The debris was described as looking like a comet with a long tail, leading many to think it was part of the Ursid meteor shower, while others insisted that it was a UFO.
Reports of rocket sightings came in from Indio, Death Valley, Santa Barbara, Ventura, Corona, Irvine and Las Vegas, before it entered the atmosphere over Arizona and burned up, CBS reported.
NASA reportedly received so many calls about the mysterious fireball that the Jet Propulsion Laboratory and the North American Aerospace Defense Command decided to investigate.

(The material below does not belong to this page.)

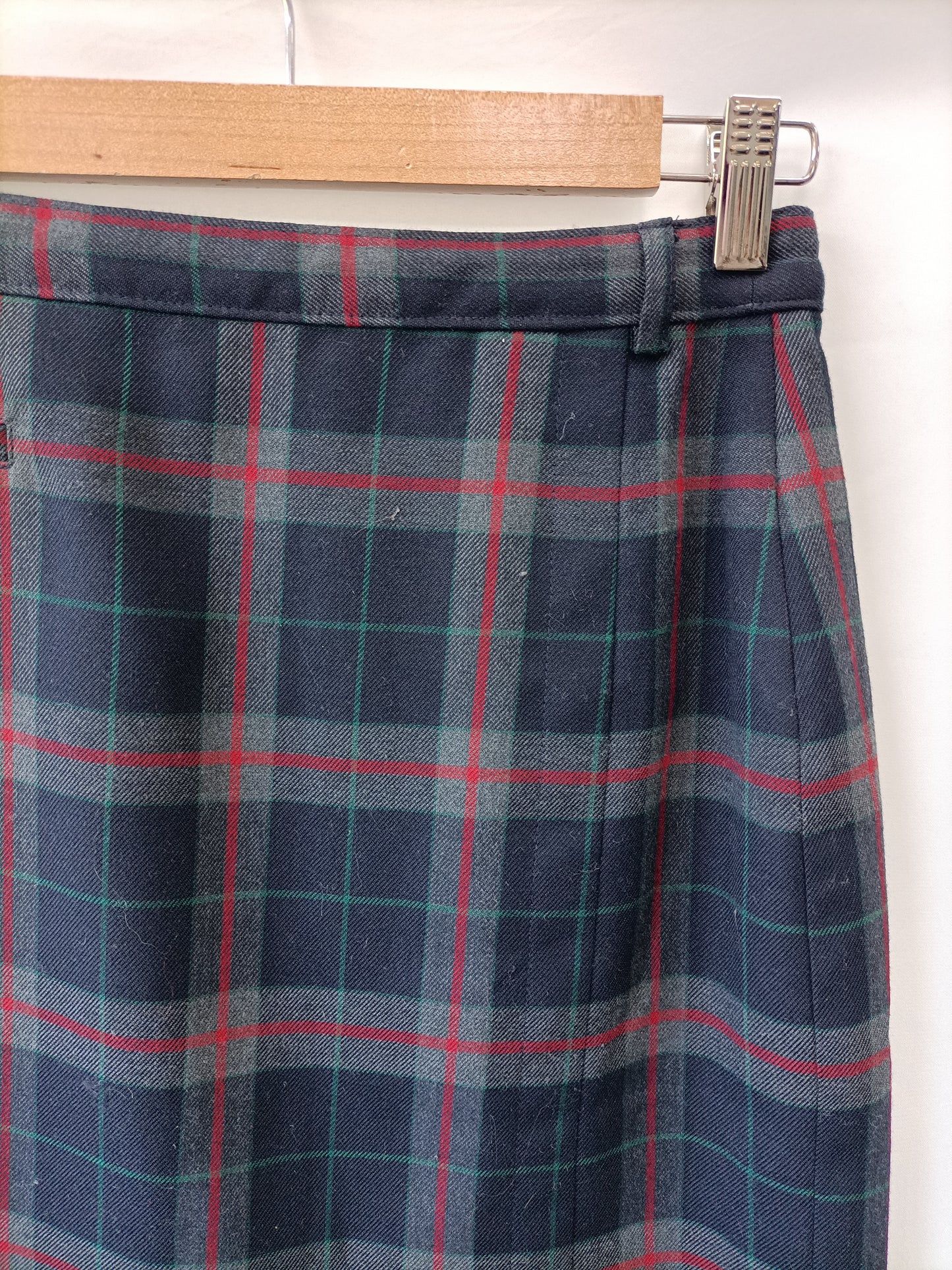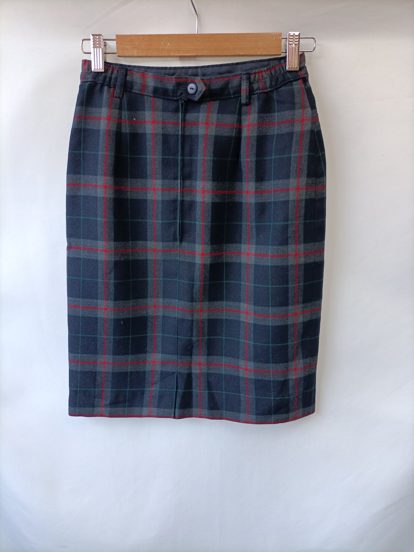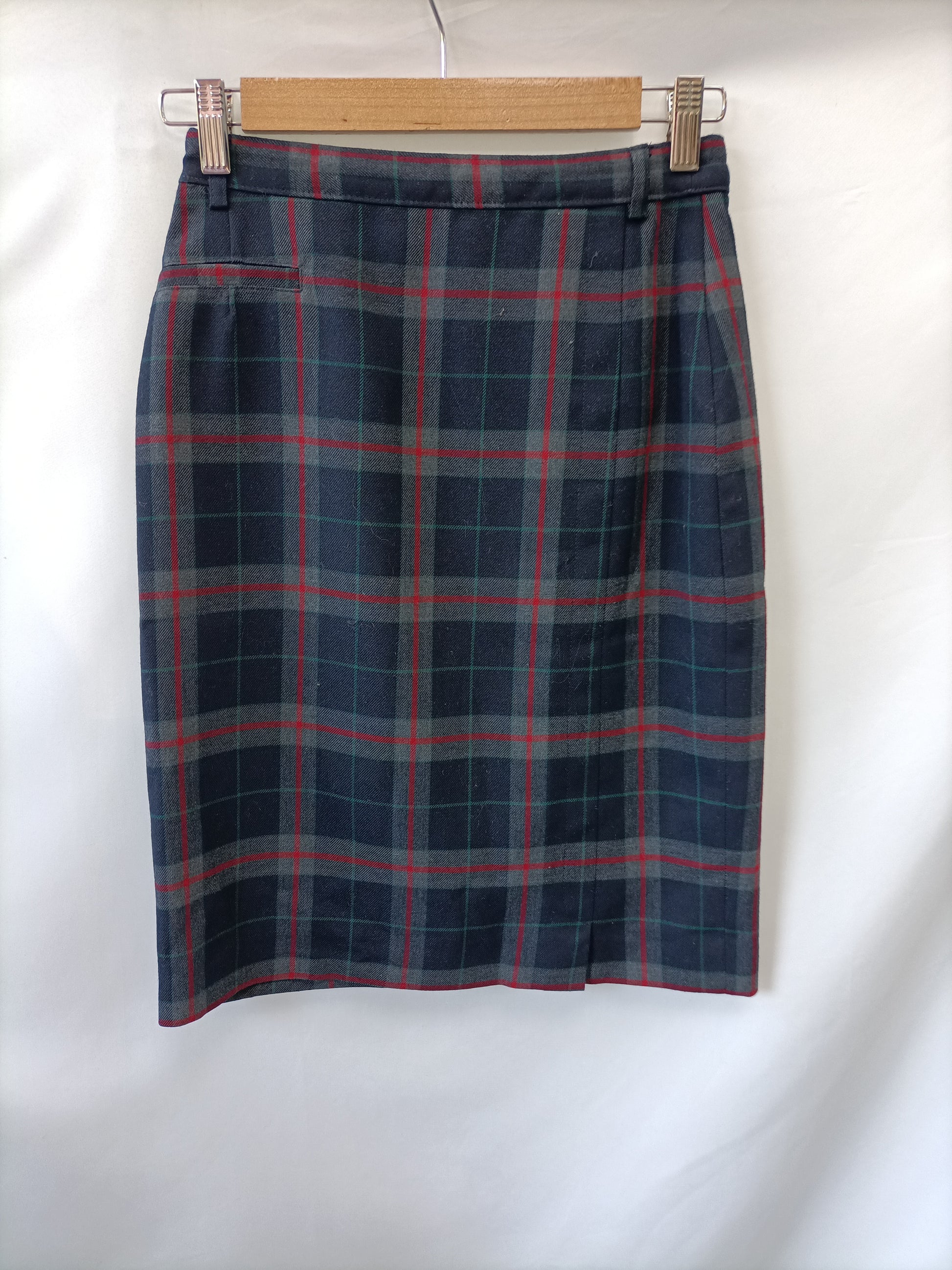 Falda de cuadros en tonos grises y azules. Cortita y ajustada. No elástica . Cintura 33 cm largo 53 cm lazada delantera, el tejido es satinado.

Late Tuesday evening, the US Strategic Command of the Department of Defense announced that they had determined that it was a Russian SL-4 rocket body:
“US Strategic Command’s Joint Functional Component Command for Space (JFCC Space), through the Joint Space Operations Center (JSpOC), removed a Russian SL-4 rocket body from the US satellite catalog as a decayed object after it reentered the atmosphere today over North America (vicinity Arizona) at approximately 1908 MST…Additional questions about the rocket body should be directed to Russian authorities, particularly Roscosmos (Russian Federal Space Agency).”
It turned out to be the Russian Soyuz rocket that launched Monday, carrying the Progress spacecraft to the International Space Station.